Task brief: Please set down, with no changes, every line of the material below from the one containing "The Mounted L-shaped" through the end. Skip the pictures.

Data section:
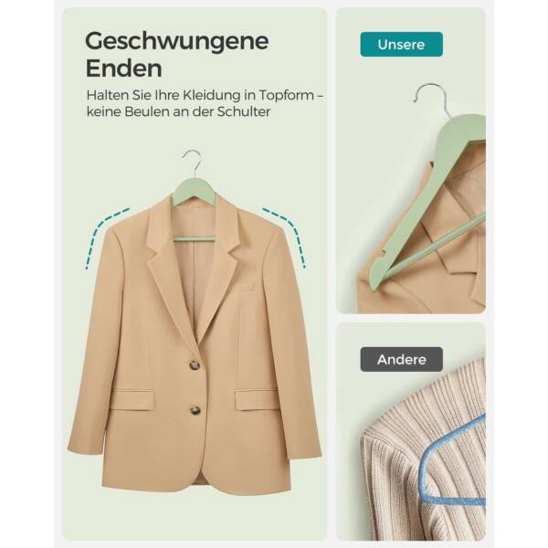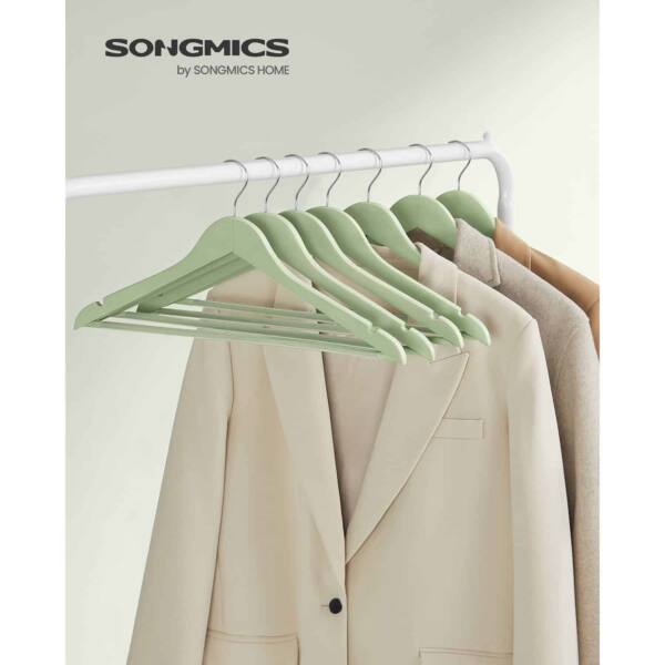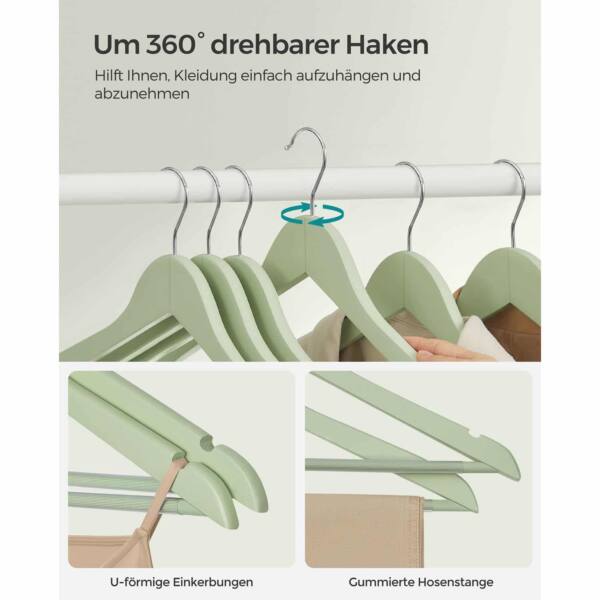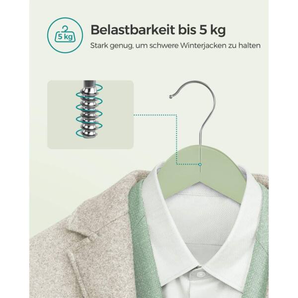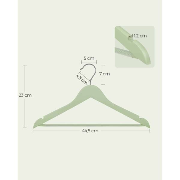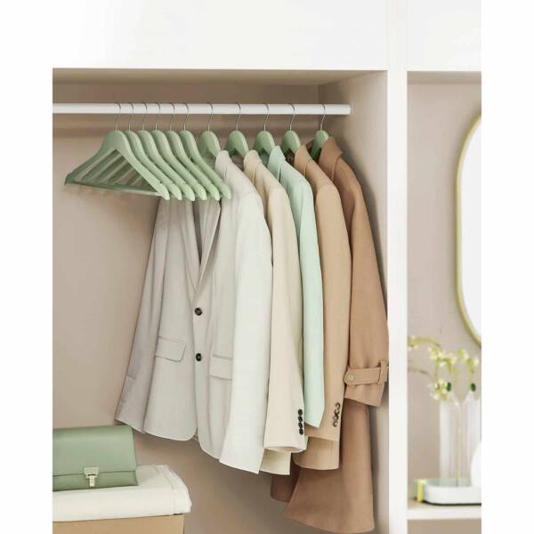 Šviesiai žalia-sidabrinė spalva suteikia elegancijos ir modernumo jūsų drabužinei ar spintai. Kiekviena pakaba yra kruopščiai suprojektuota, kad atitiktų jūsų poreikius ir padėtų išlaikyti drabužius tvarkingus bei nesusiglamžiusius.
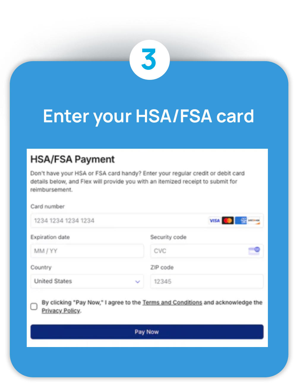 If you don’t have your HSA or FSA card handy, still select “Flex | Pay with HSA/FSA” as your payment method. Enter your credit card information and Flex will email you an itemized receipt to submit for reimbursement.
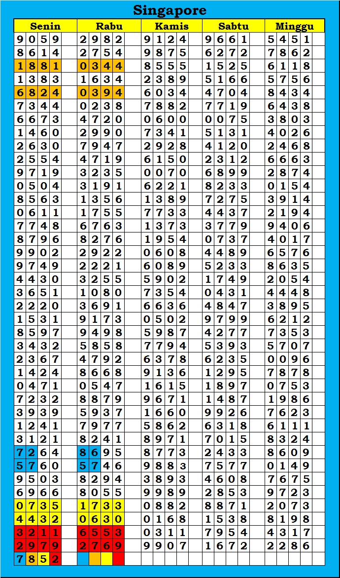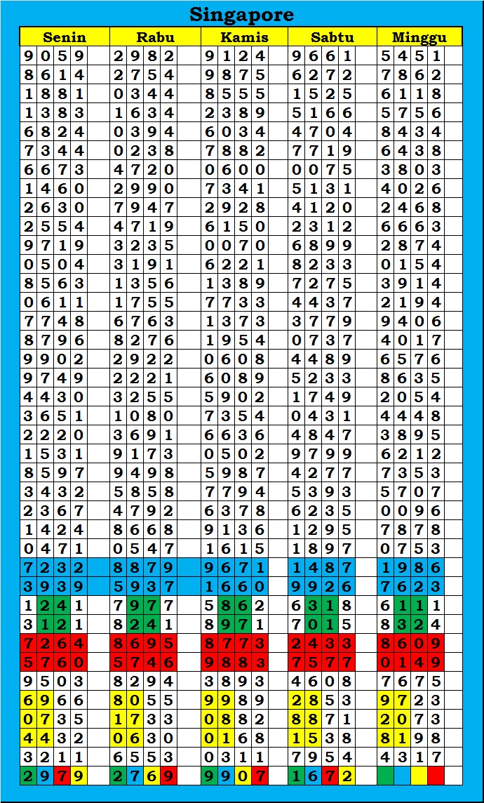 MASTER SINGAPURA Minggu, 26-04-2026 Merupakan Prediksi Otomatis yang menggabungkan Metode Kalender Togel Dengan Rumus-rumus kontrol yang sudah terbukti keakuratanya.Gunakan Aplikasi Rekap untuk mendapatkan LN TOP. Harap Maklum Jika kadang meleset MASTER SINGAPURA kita. Jadikan ini sebagai perbandingan saja dan tetap UPS
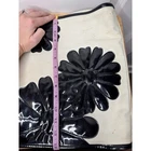 A spacious Kate Spade New York tote bag featuring a cream canvas exterior adorned with playful black patent leather daisy appliques. This stylish carryall boasts glossy black patent leather trim and matching double shoulder straps, offering a chic contrast to the textured canvas. The interior is lined and includes a zippered pocket for secure storage. Perfect for everyday errands, weekend getaways, or a stylish addition to a casual outfit. Exterior Material: Canvas, Faux Leather Style: Tote Exterior Color: Beige Department: Women Product Line: Kate Spade New York Lining Color: White Handle/Strap Material: Faux Leather Handle/Strap Color: Black Lining Material: Canvas Hardware Color: Gold Pattern: Monogram Closure: Zip Keywords: Kate Spade tote, canvas bag, daisy print, patent leather, shoulder bag, designer handbag, everyday bag, travel tote, casual chic, summer style, black and white, iconic print, chic accessory
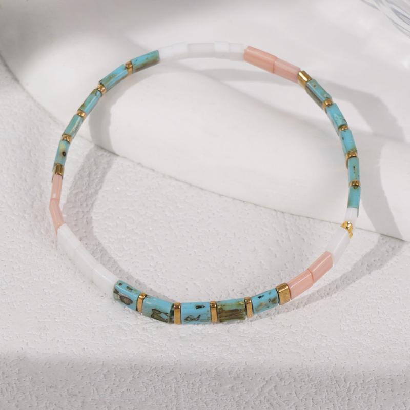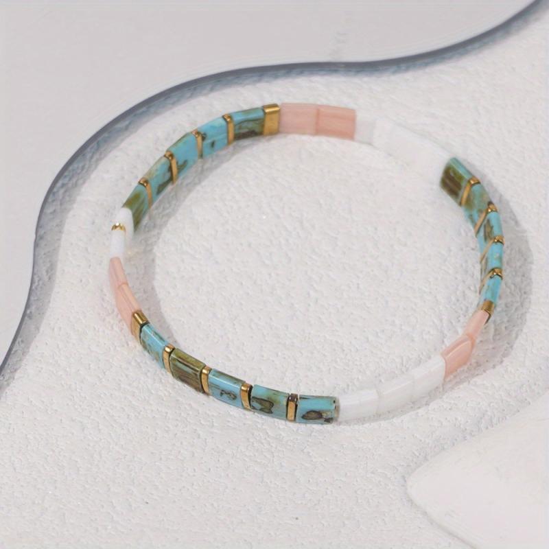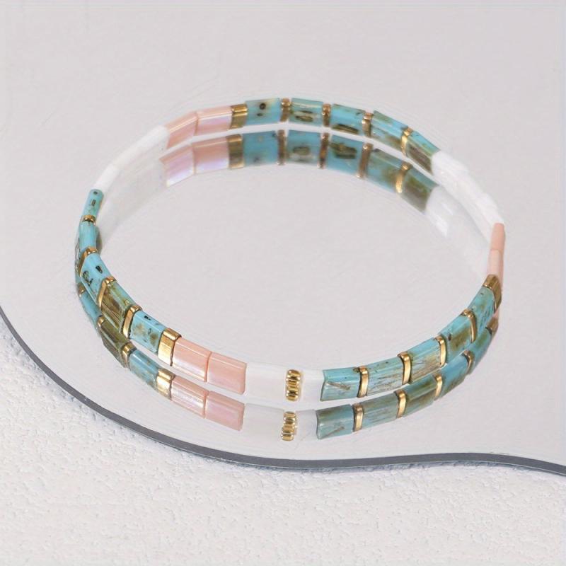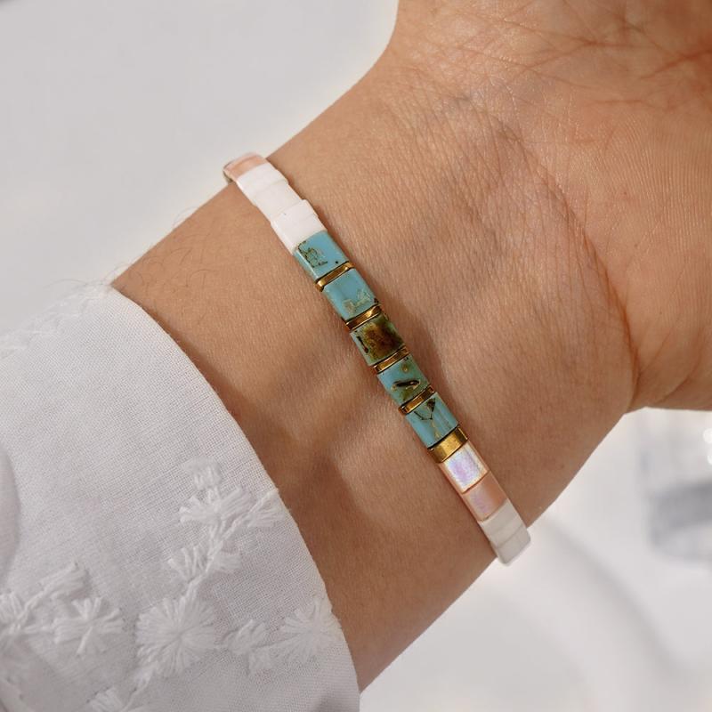 Elevate your beach parties and casual attire with this boho TILA beaded bracelet featuring glass jewelry and golden accents.
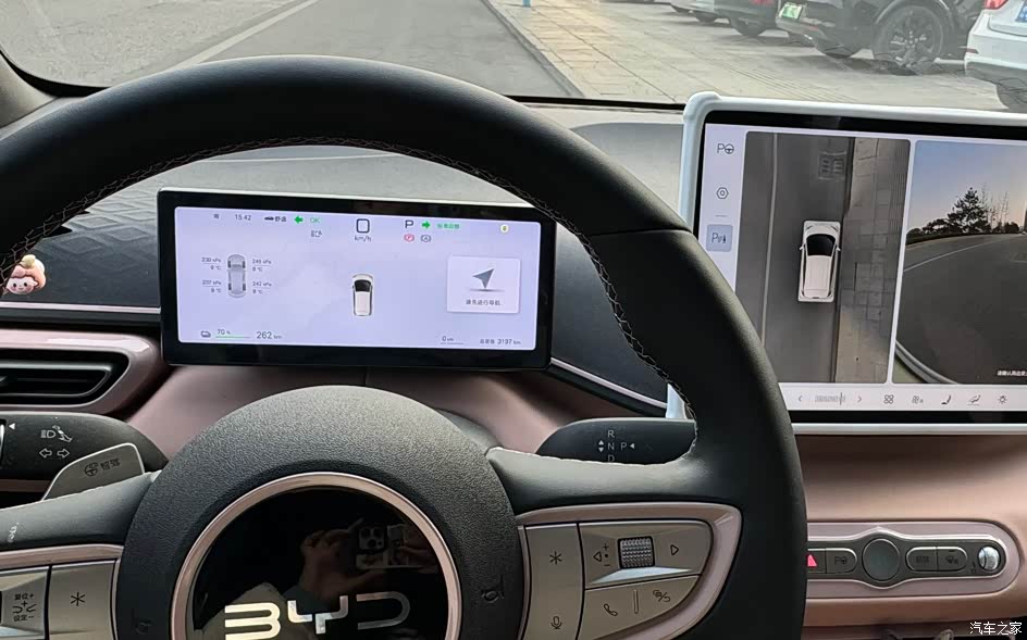 我喜欢小车很方便,对比了星愿跟缤果感觉太秀气了,海鸥的外观更酷一点,当时想选择黑色的,更酷,没有现货,加上夏天黑色车内温度会太高,没办法果断放弃了,选择了白色系,很耐脏 自动泊车很好用,加上比亚迪宣传的自动泊车中车受到碰撞比亚迪兜底,让我更放心使用自动泊车,新手到现在海没自己停过车,公司是地下车库,车位线很明显,每天都自动泊车,趁着泊车时间收拾好包,泊好车直接锁车走人 注:图二拍摄于地下停车场并开启自动泊车附近无人的安全状态。
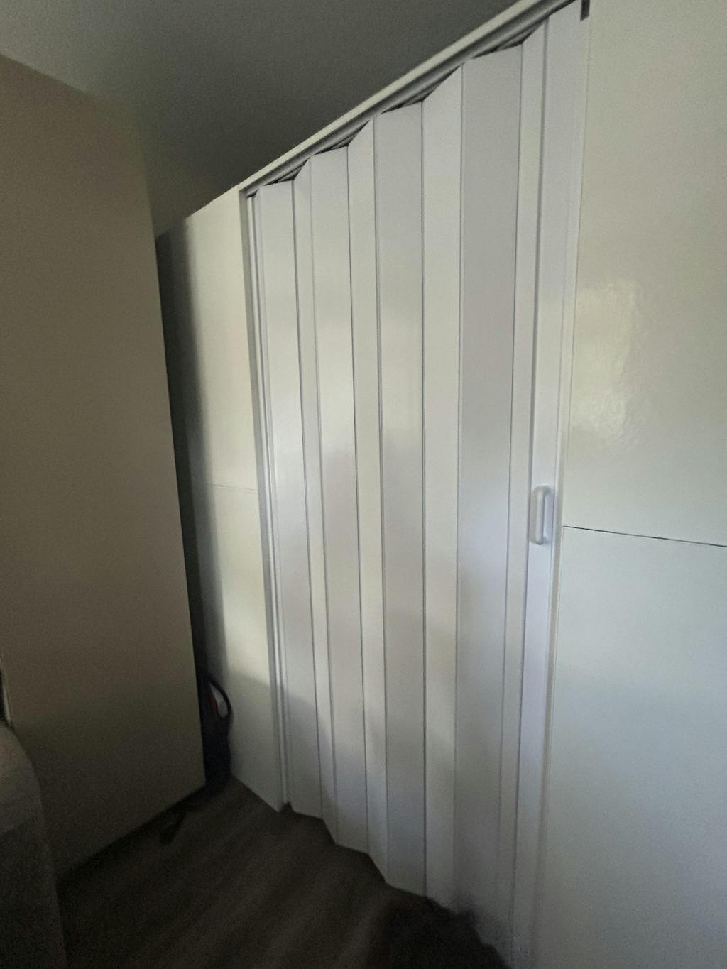 The Mounted L-shaped Partition Wall With Door Kit allows you to easily install a temporary or permanent room with an included accordion door anywhere in your home or business.
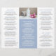Brochure triplée élégante avec un design simple et moderne dans une couleur bleu clair / bleu poussiéreux / bleu poudre. L'intérieur comprend votre liste de prix / menu service. Ce design est parfait pour un spa de jour mais peut être modifié pour n'importe quel type d'entreprise.

Solution:
 The Mounted L-shaped Partition Wall With Door Kit allows you to easily install a temporary or permanent room with an included accordion door anywhere in your home or business.
Brochure triplée élégante avec un design simple et moderne dans une couleur bleu clair / bleu poussiéreux / bleu poudre. L'intérieur comprend votre liste de prix / menu service. Ce design est parfait pour un spa de jour mais peut être modifié pour n'importe quel type d'entreprise.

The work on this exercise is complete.